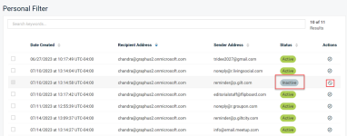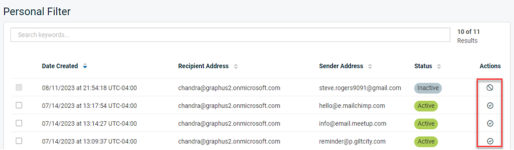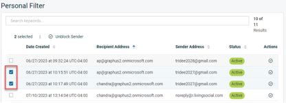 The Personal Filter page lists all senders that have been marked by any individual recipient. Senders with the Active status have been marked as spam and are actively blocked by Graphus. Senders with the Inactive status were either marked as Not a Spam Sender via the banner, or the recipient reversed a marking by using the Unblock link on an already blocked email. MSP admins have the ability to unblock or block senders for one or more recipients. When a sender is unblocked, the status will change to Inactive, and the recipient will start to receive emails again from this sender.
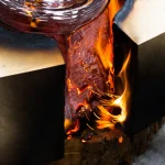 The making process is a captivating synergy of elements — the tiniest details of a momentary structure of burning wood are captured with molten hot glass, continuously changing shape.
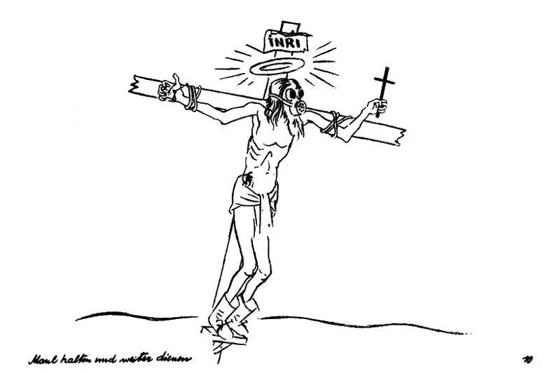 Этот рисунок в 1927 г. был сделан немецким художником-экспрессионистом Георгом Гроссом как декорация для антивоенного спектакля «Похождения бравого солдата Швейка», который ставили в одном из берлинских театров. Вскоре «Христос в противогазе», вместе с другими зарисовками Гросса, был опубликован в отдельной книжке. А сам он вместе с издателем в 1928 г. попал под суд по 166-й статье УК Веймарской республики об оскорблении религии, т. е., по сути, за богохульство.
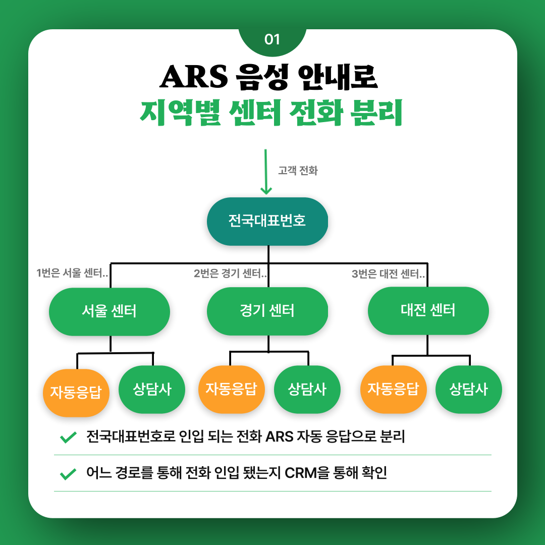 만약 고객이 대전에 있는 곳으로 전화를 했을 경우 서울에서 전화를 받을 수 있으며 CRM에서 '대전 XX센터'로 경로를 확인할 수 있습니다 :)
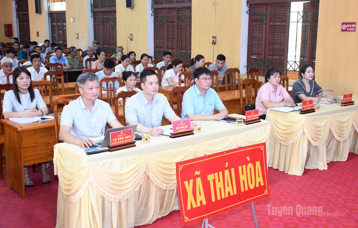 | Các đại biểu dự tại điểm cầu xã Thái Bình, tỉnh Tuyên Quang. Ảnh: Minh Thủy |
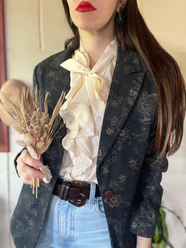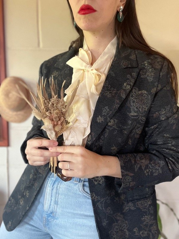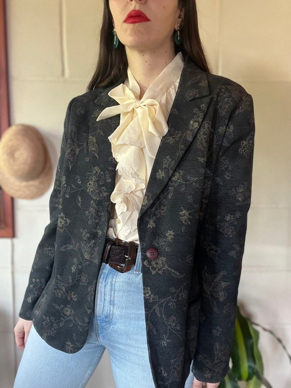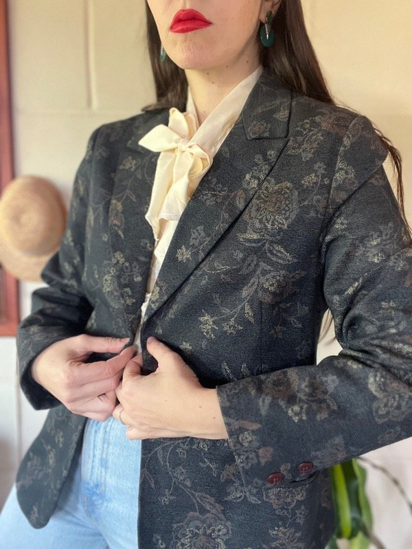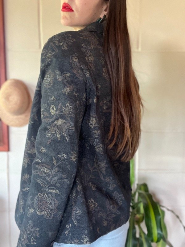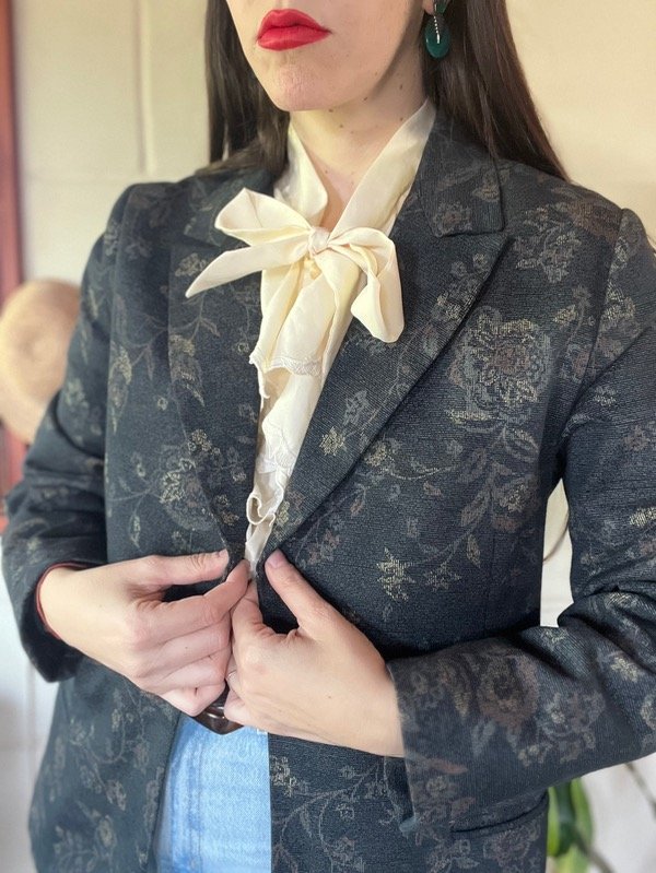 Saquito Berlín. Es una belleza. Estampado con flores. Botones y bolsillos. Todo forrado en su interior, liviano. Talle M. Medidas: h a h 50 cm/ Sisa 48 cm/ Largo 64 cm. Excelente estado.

——————

■ **Task objective**
Word for word, set down every line of the records above, and leave the pictures out.

■ **Answer space**
 The Personal Filter page lists all senders that have been marked by any individual recipient. Senders with the Active status have been marked as spam and are actively blocked by Graphus. Senders with the Inactive status were either marked as Not a Spam Sender via the banner, or the recipient reversed a marking by using the Unblock link on an already blocked email. MSP admins have the ability to unblock or block senders for one or more recipients. When a sender is unblocked, the status will change to Inactive, and the recipient will start to receive emails again from this sender.
 The making process is a captivating synergy of elements — the tiniest details of a momentary structure of burning wood are captured with molten hot glass, continuously changing shape.
 Этот рисунок в 1927 г. был сделан немецким художником-экспрессионистом Георгом Гроссом как декорация для антивоенного спектакля «Похождения бравого солдата Швейка», который ставили в одном из берлинских театров. Вскоре «Христос в противогазе», вместе с другими зарисовками Гросса, был опубликован в отдельной книжке. А сам он вместе с издателем в 1928 г. попал под суд по 166-й статье УК Веймарской республики об оскорблении религии, т. е., по сути, за богохульство.
 만약 고객이 대전에 있는 곳으로 전화를 했을 경우 서울에서 전화를 받을 수 있으며 CRM에서 '대전 XX센터'로 경로를 확인할 수 있습니다 :)
 | Các đại biểu dự tại điểm cầu xã Thái Bình, tỉnh Tuyên Quang. Ảnh: Minh Thủy |
 Saquito Berlín. Es una belleza. Estampado con flores. Botones y bolsillos. Todo forrado en su interior, liviano. Talle M. Medidas: h a h 50 cm/ Sisa 48 cm/ Largo 64 cm. Excelente estado.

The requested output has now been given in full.